Problem requirements:
Transcribe exactly everything in the data below from the line containing "今年度2回目となる学習診断テ" down to the line containing "Stylowa dzianinowa sukienka", both lines included and nothing further.

Entries provided:
--------------------

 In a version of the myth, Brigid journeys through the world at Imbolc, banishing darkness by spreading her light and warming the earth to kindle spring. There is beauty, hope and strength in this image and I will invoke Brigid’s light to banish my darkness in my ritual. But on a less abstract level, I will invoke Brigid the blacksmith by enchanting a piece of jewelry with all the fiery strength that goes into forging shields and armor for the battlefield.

--------------------

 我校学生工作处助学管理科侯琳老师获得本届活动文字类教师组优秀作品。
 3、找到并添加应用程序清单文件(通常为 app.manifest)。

--------------------

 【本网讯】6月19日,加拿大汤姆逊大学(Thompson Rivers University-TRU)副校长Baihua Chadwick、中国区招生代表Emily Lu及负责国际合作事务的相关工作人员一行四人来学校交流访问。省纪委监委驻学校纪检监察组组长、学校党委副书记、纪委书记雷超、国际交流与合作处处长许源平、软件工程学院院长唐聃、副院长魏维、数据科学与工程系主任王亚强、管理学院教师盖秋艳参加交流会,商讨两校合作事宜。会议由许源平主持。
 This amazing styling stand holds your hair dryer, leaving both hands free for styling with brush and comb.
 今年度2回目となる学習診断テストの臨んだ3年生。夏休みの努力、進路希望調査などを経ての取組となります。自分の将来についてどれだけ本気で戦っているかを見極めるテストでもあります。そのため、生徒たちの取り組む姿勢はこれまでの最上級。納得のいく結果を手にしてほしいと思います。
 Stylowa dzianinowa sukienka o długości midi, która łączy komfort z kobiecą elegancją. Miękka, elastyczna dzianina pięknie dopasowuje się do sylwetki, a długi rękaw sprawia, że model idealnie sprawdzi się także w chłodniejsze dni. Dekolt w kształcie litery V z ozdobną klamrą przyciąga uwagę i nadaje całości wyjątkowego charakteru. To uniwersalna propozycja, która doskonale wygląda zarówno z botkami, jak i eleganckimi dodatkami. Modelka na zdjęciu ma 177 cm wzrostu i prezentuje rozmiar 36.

--------------------

Final answer:
 今年度2回目となる学習診断テストの臨んだ3年生。夏休みの努力、進路希望調査などを経ての取組となります。自分の将来についてどれだけ本気で戦っているかを見極めるテストでもあります。そのため、生徒たちの取り組む姿勢はこれまでの最上級。納得のいく結果を手にしてほしいと思います。
 Stylowa dzianinowa sukienka o długości midi, która łączy komfort z kobiecą elegancją. Miękka, elastyczna dzianina pięknie dopasowuje się do sylwetki, a długi rękaw sprawia, że model idealnie sprawdzi się także w chłodniejsze dni. Dekolt w kształcie litery V z ozdobną klamrą przyciąga uwagę i nadaje całości wyjątkowego charakteru. To uniwersalna propozycja, która doskonale wygląda zarówno z botkami, jak i eleganckimi dodatkami. Modelka na zdjęciu ma 177 cm wzrostu i prezentuje rozmiar 36.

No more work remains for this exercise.